Mycophenolate mofetil-induced colitis versus colonic graft-versus-host disease: a comparative histologic study with artificial intelligence model development
Rofyda Elhalaby and Priyadharshini Sivasubramaniam contributed equally to this work.
Abstract
Aim
The aim of this study was to compare the histopathologic features of MMF-induced colitis and colonic GVHD and develop a digital tool using deep learning convolutional neural networks (CNNs) to semi-automate the quantification of eosinophils.
Methods
MMF and GVHD colitis cases were retrieved. A cohort of transplant patients who were at risk for developing GVHD and were on MMF at the time of biopsy was also identified. Cases were reviewed for histologic features and a deep learning CNN was trained to quantify lamina propria eosinophils.

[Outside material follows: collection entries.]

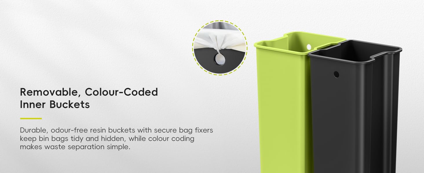 The Mirage X 40L Automatic Sensor Kitchen Bin features dual 20L removable compartments for easy recycling, a rapid 0.2-second motion sensor for touchless operation, and a fingerprint-proof brushed stainless steel exterior. Its whisper-quiet soft-close lid and up to 8 months of battery life make it a durable, hygienic, and stylish addition to any modern kitchen or office.
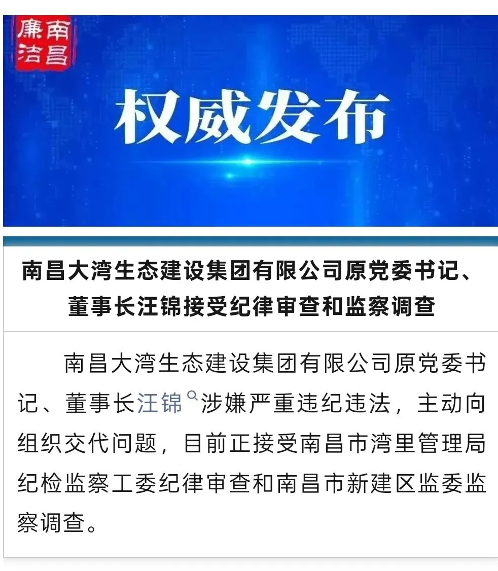 南昌大湾生态建设集团有限公司原党委书记、董事长汪锦涉嫌严重违纪违法,主动向组织交代问题,目前正接受南昌市湾里管理局纪检监察工委纪律审查和南昌市新建区监委监察调查。
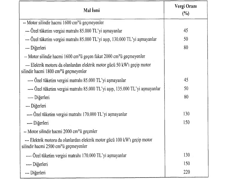 Kararda, 4760 sayılı Özel Tüketim Vergisi Kanununa ekli (II) sayılı listedeki 87.03 G.T.İ.P. numaralı mallardan “Diğerleri” satırı altında yer alan bazılarının ÖTV oranlarına esas özem tüketim vergisi matrahları ile özel tüketim vergisi oranları yeniden tespit edildi, karar hükümlerini, Hazine ve Maliye Bakanı yürütecek.
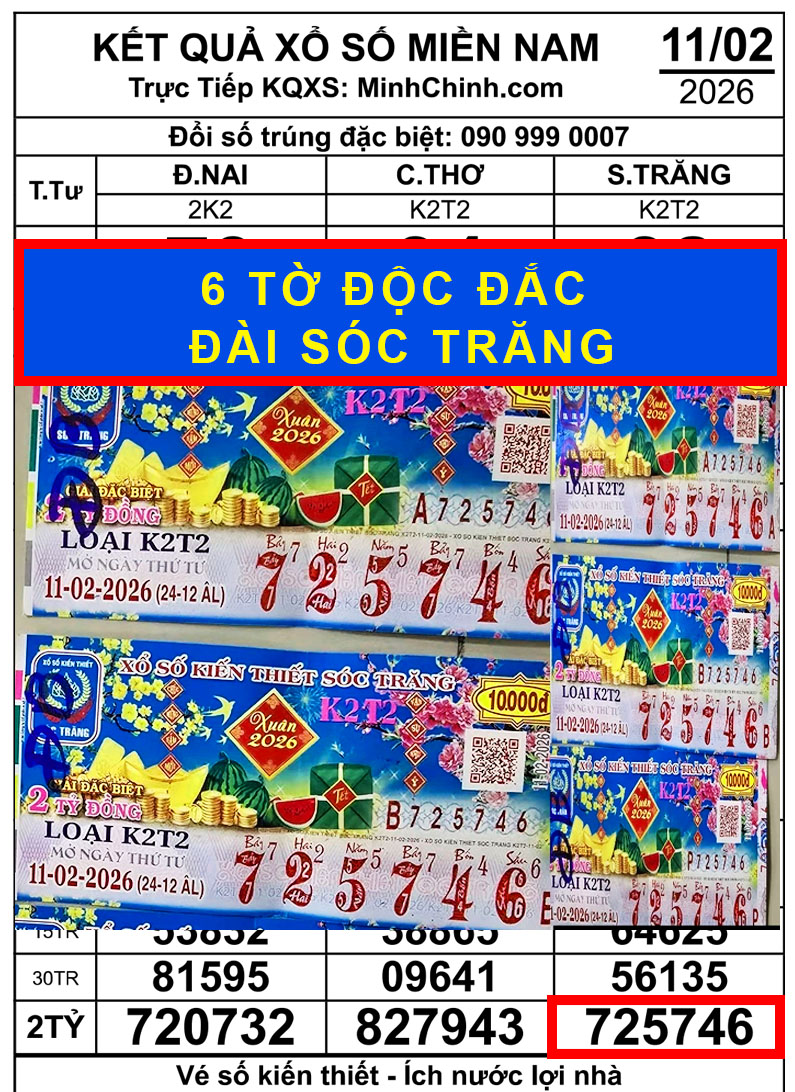 Trong kỳ quay chiều 11-2, vé số Sóc Trăng xác định dãy số trúng độc đắc là 725746. Theo thông tin từ các đại lý, vé trúng được bán ra tại tỉnh Cà Mau.
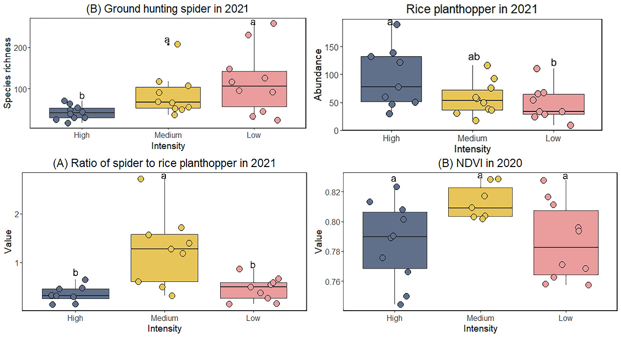 研究结果表明,高强度土地整理后林地、荒草地等半自然生境地的比例显著下降(从8.9%到4.4%),而田块大小均值显著增加(从1.4亩到4.2亩),蜘蛛多样性下降,稻飞虱增多,稻田生态系统的生物防治功能减弱。但在保留原有半自然生境和整体景观格局的基础上仅进行适度田块合并的中等强度土整整理,和未进行土地整理的景观生物多样性和稻田NDVI值(用以评估水稻产量)差异不大。由于单个田块面积的增加有利于提高机械耕作效率,因此中等强度土地整理是协调稻田景观生物多样性保护与机械化生产效率的最佳策略。
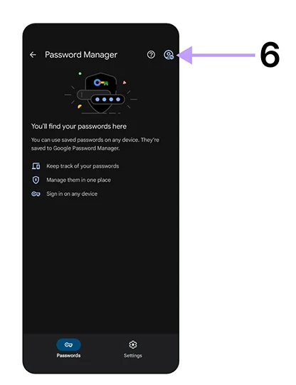 6. Blir du ikke bedt om passord? Trykk "profil"-ikonet i høyre hjørne
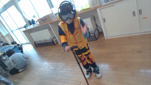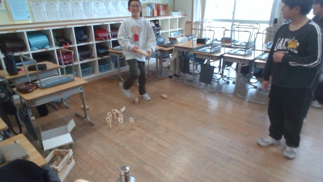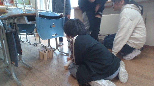先週の金曜日に、高齢者疑似体験セットやモルックをいただいた子供たち。
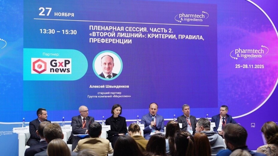 27 ноября 2025 года в рамках 27-ой «Международной выставки оборудования, сырья и технологий для фармацевтического производства» состоялась ключевая пленарная сессия, посвящённая правилу «второй лишний». Модератором дискуссии выступил Алексей Швынденков, старший партнёр группы компаний «Мариллион».
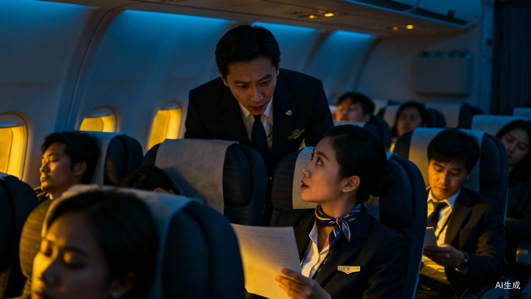 但你如果站在那个航班的现实场景里想一想:那是凌晨一两点,客舱里大多数旅客都已经睡着了。
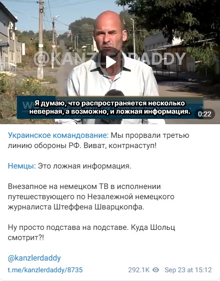 "Я думаю, что распространяется неверная, а возможно, даже ложная информация. Сообщается о прорыве третьей линии обороны в районе Запорожья. По имеющейся у нас информации, нет ничего даже близко похожего на порыв русской обороны" , - заявил Шварцкопф.
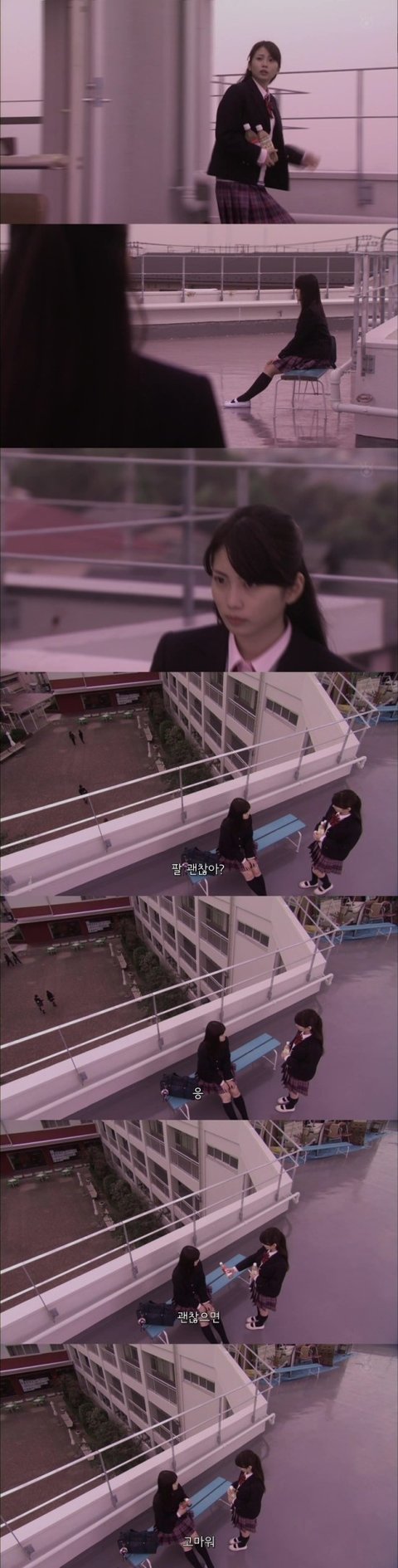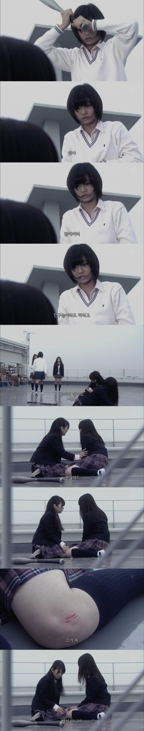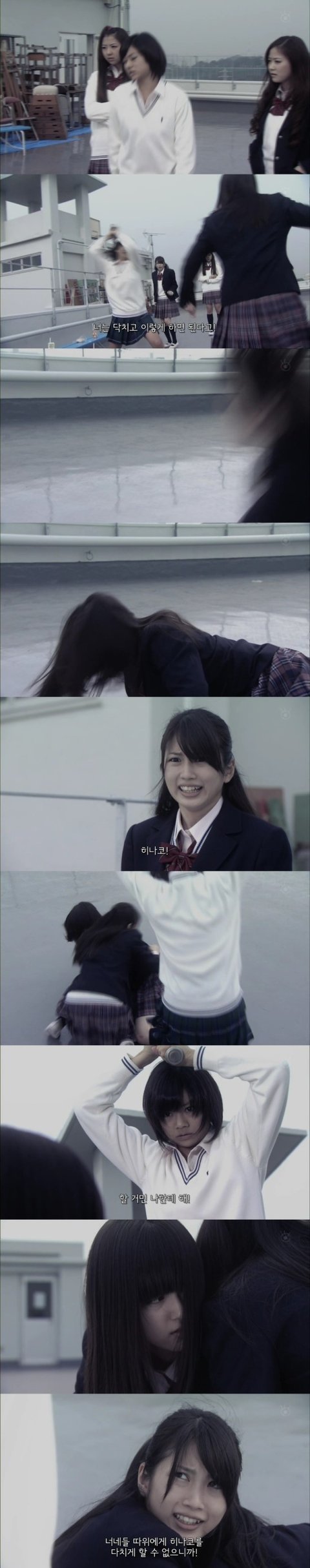 여주가 히나코 곁으로 뛰어가서 차라리 나를 때리라면서
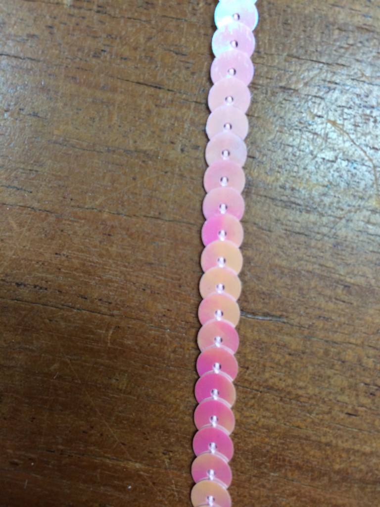 Enkelradigt paljettband  Färg : rosa hologram Pris avser 1 m.

Clinical history was collected.
Results
Ninety-five patients were included in the study group: GVHD (n = 37), MMF (n = 25) and GVHD vs. MMF (n = 33). Within the GVHD vs. MMF group, one patient was thought to have definitive MMF colitis and one possible MMF colitis. The GVHD group had a significantly higher apoptotic count compared to the MMF group (median: 7 vs. 2, P = 0.03). Neuroendocrine aggregates were present in the GVHD (N = 12) and GVHD vs. MMF (N = 4) groups while absent in the MMF group. The MMF group had a higher semi-quantitative eosinophil score and a higher automated eosinophil count as detected by the deep learning CNN (median eos/HPF: MMF 19.2, GVHD vs. MMF 3.6, GVHD 3.4, P < 0.001).
Conclusions
Lower eosinophil counts, higher apoptotic counts and neuroendocrine cell aggregates favour the diagnosis of GVHD. AI models for eosinophil quantification may serve as an ancillary tool for assessing this differential diagnosis. Given the rarity of MMF-induced colitis in SCT patients, pathologists should have a high threshold for making this diagnosis in this population.
Graphical Abstract
Mycophenolate-induced colitis and graft-versus-host disease (GVHD) colitis have overlapping histology. Lower eosinophil counts, higher apoptotic counts and neuroendocrine cell aggregates are histological features that favour the diagnosis of GVHD. AI models for eosinophil quantification may serve as an ancillary tool for assessing this differential diagnosis.
Conflicts of interest
The authors have no relevant conflicts of interest to disclose.
Open Research
Data availability statement
The data that support the findings of this study are available on request from the corresponding author. The data are not publicly available due to privacy or ethical restrictions.